TASK ITEM:
Reproduce every record exactly as it appears, but not the pictures.

DATA FOR REVIEW:
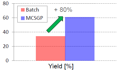 MCSGP可將產品純度從傳統工藝的59%提升至70%,將收率從傳統工藝的34%提升至61%,從而使產量(g /L /h)整體提升80%,并同時使Buffer的消耗量降低55%MCSGP工藝,無疑可顯著地節約成本投入,并可產生更多的生產效益。
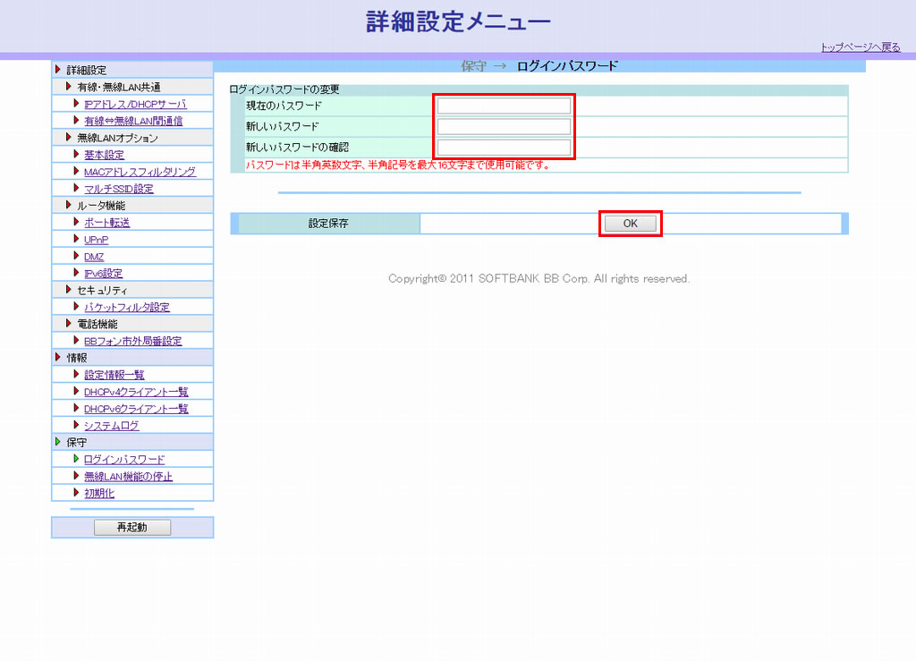 「現在のパスワード」、「新しいパスワード」、「新しいパスワードの確認」を入力し、[OK]をクリックします。
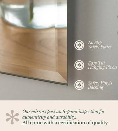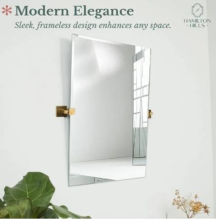 NEW IN BOX RETAILS: $200 - $500 approximate after tax depending upon retailer. VERY MODERN BEVELED TEMPERED HIGH DEFINITION PIVOTING MIRROR. HANGS IN EITHER VERTICAL OR HORIZONTAL POSITION. SOLID...
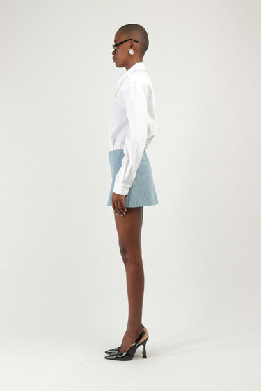 Our mini skirt in denim. High waisted, mini length and zip enclosure. To pair alone or with a matching jacket for a full look. Model is 1m76 and wears size 34FR. This piece fits true to size. We recommend you to get your regular size.
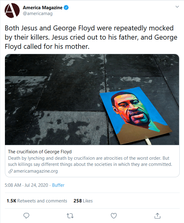 I can see a comparison between the Minneapolis police and the Roman soldiers who mocked Jesus. I doubt I’d agree with it, but at least I can see the analogy. Comparing George Floyd’s death to Christ’s self-sacrifice on Calvary in obedience to the Father’s will borders on blasphemy.
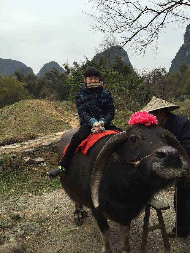 去之前期望值最高的景点之一。但和我的想象相差甚远,这里不防吐槽一下。十里画廊骑行直接让我联想到的是那年在杭州西湖的骑行记忆,租2量自行车绕西湖-白堤-苏堤春晓的经历记忆犹新,每每总还会念叨着什么时间再去一趟。同样是诗情画意的名字,等我们到了景区大门口时就已经没了进去的冲动了!所谓十里画廊并不是行走在一条风景秀丽的路上观两侧的景色,而是一条公路,分别在路的两侧围圈了的一个又一个相邻不远的人造公园。公园内不妨有一个主要山或水(天然的),加以人工雕琢改良后依靠阳朔的名气招揽生意,且百试不爽。

RESPONSE:
 MCSGP可將產品純度從傳統工藝的59%提升至70%,將收率從傳統工藝的34%提升至61%,從而使產量(g /L /h)整體提升80%,并同時使Buffer的消耗量降低55%MCSGP工藝,無疑可顯著地節約成本投入,并可產生更多的生產效益。
 「現在のパスワード」、「新しいパスワード」、「新しいパスワードの確認」を入力し、[OK]をクリックします。
 NEW IN BOX RETAILS: $200 - $500 approximate after tax depending upon retailer. VERY MODERN BEVELED TEMPERED HIGH DEFINITION PIVOTING MIRROR. HANGS IN EITHER VERTICAL OR HORIZONTAL POSITION. SOLID...
 Our mini skirt in denim. High waisted, mini length and zip enclosure. To pair alone or with a matching jacket for a full look. Model is 1m76 and wears size 34FR. This piece fits true to size. We recommend you to get your regular size.
 I can see a comparison between the Minneapolis police and the Roman soldiers who mocked Jesus. I doubt I’d agree with it, but at least I can see the analogy. Comparing George Floyd’s death to Christ’s self-sacrifice on Calvary in obedience to the Father’s will borders on blasphemy.
 去之前期望值最高的景点之一。但和我的想象相差甚远,这里不防吐槽一下。十里画廊骑行直接让我联想到的是那年在杭州西湖的骑行记忆,租2量自行车绕西湖-白堤-苏堤春晓的经历记忆犹新,每每总还会念叨着什么时间再去一趟。同样是诗情画意的名字,等我们到了景区大门口时就已经没了进去的冲动了!所谓十里画廊并不是行走在一条风景秀丽的路上观两侧的景色,而是一条公路,分别在路的两侧围圈了的一个又一个相邻不远的人造公园。公园内不妨有一个主要山或水(天然的),加以人工雕琢改良后依靠阳朔的名气招揽生意,且百试不爽。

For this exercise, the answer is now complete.